Note: I am not a developer of spring framework, so any comments are welcome.
What exactly is subscribing to the publisher?
It is a long living subscription to the port (the server initialisation itself). Therefore, the ReactorHttpServer.class has the method:
#Override
protected void startInternal() {
DisposableServer server = this.reactorServer.handle(this.reactorHandler).bind().block();
setPort(((InetSocketAddress) server.address()).getPort());
this.serverRef.set(server);
}
The Subscriber is the bind method, which (as far as I can see) does request(Long.MAX_VALUE), so no back pressure management here.
The important part for request handling is the method handle(this.reactorHandler). The reactorHandler is an instance of ReactorHttpHandlerAdapter. Further up the stack (within the apply method of ReactorHttpHandlerAdapter) is the DispatcherHandler.class. The java doc of this class starts with " Central dispatcher for HTTP request handlers/controllers. Dispatches to registered handlers for processing a request, providing convenient mapping facilities.". It has the central method:
#Override
public Mono<Void> handle(ServerWebExchange exchange) {
if (this.handlerMappings == null) {
return createNotFoundError();
}
return Flux.fromIterable(this.handlerMappings)
.concatMap(mapping -> mapping.getHandler(exchange))
.next()
.switchIfEmpty(createNotFoundError())
.flatMap(handler -> invokeHandler(exchange, handler))
.flatMap(result -> handleResult(exchange, result));
}
Here, the actual request processing happens. The response is written within handleResult. It now depends on the actual server implementation, how the result is written.
For the default server, i.e. Reactor Netty it will be a ReactorServerHttpResponse.class. Here you can see the method writeWithInternal. This one takes the publisher result of the handler method and writes it to the underlying HTTP connection:
#Override
protected Mono<Void> writeWithInternal(Publisher<? extends DataBuffer> publisher) {
return this.response.send(toByteBufs(publisher)).then();
}
One implementation of NettyOutbound.send( ... ) is reactor.netty.channel.ChannelOperations. For your specific case of a Flux return, this implementation manages the NIO within MonoSendMany.class. This class does subscribe( ... ) with a SendManyInner.class, which does back pressure management by implementing Subscriber which onSubscribe does request(128). I guess Netty internally uses TCP ACK to signal successful transmission.
So,
What (if anything) is providing backpressure?
... yes, backpressure is provided, e.g. by SendManyInner.class, however also other implementations exist.
For context I'm trying to evaluate if there are advantages to using Spring WebFlux in this specific situation over Spring MVC.

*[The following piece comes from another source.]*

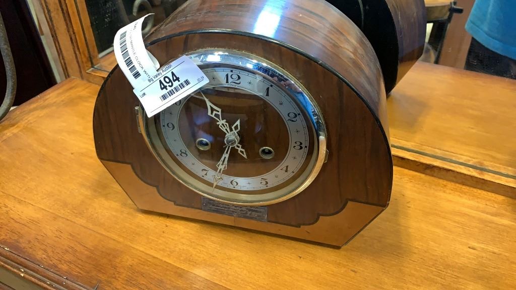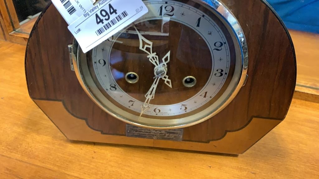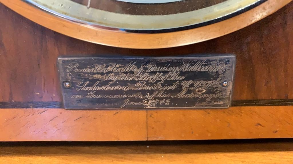 ENFIELD ENGLISH MANTLE CLOCK WITH METAL PLACARD DATED 1942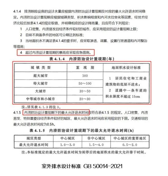 类似的观点显然有失偏颇,对城市排水系统以及海绵城市稍有了解的人都知道,此次河南遭遇的大雨灾害非常罕见,一天降了去年全年1/3的雨量,已经远远超出了城市排水能力所能应对的范畴,与是否建设海绵城市没有实质性的关系。根据查阅的相关资料,郑州城区的内涝防治设计重现期也和《室外排水设计标准 GB 50014-2021》中城市规模设定值相匹配,无论从城市规划还是工程设计角度而言,都是合乎标准的。

I think, it is definitely worth evaluating. For performance I however guess, the result will depend on the amount of concurrent requests and maybe also on the type of your Data class. Generally speaking, Webflux is usually the preferred choice for high throughput, low latency situations, and we generally see better hardware utilization in our environments. Assuming you take your data from a database you probably will have the best results with a database driver that too supports reactive. Besides performance, the back pressure management is always a good reason to have a look at Webflux. Since we adopted to Webflux, our data platform never had problems with stability anymore (not to claim, there are no other ways to have a stable system, but here many issues are solved out of the box).
As a side note: I recommend, having a closer look at Schedulers we just recently gained 30% cpu time by choosing the right one for slow DB accesses.
EDIT:
In https://docs.spring.io/spring/docs/current/spring-framework-reference/web-reactive.html#webflux-fn-handler-functions the reference documentation explicitly says:
ServerRequest and ServerResponse are immutable interfaces that offer JDK 8-friendly access to the HTTP request and response. Both request and response provide Reactive Streams back pressure against the body streams.
What exactly is subscribing to the publisher?
The framework (so Spring, in this case.)
In general, you shouldn't subscribe in your own application - the framework should be subscribing to your publisher when necessary. In the context of spring, that's whenever a relevant request hits that controller.
What (if anything) is providing backpressure?
In this case, it's only restricted by the speed of the connection (I believe Webflux will look at the underlying TCP layer) and then request data as required. Whether your upstream flux listens to that backpressure though is another story - it may do, or it may just flood the consumer with as much data as it can.
For context I'm trying to evaluate if there are advantages to using Spring WebFlux in this specific situation over Spring MVC.
The main advantage is being able to hold huge numbers of connections open with only a few threads - so no overhead of context switching. (That's not the sole advantage, but most of the advantages generally boil down to that point.) Usually, this is only an advantage worth considering if you need to hold in the region of thousands of connections open at once.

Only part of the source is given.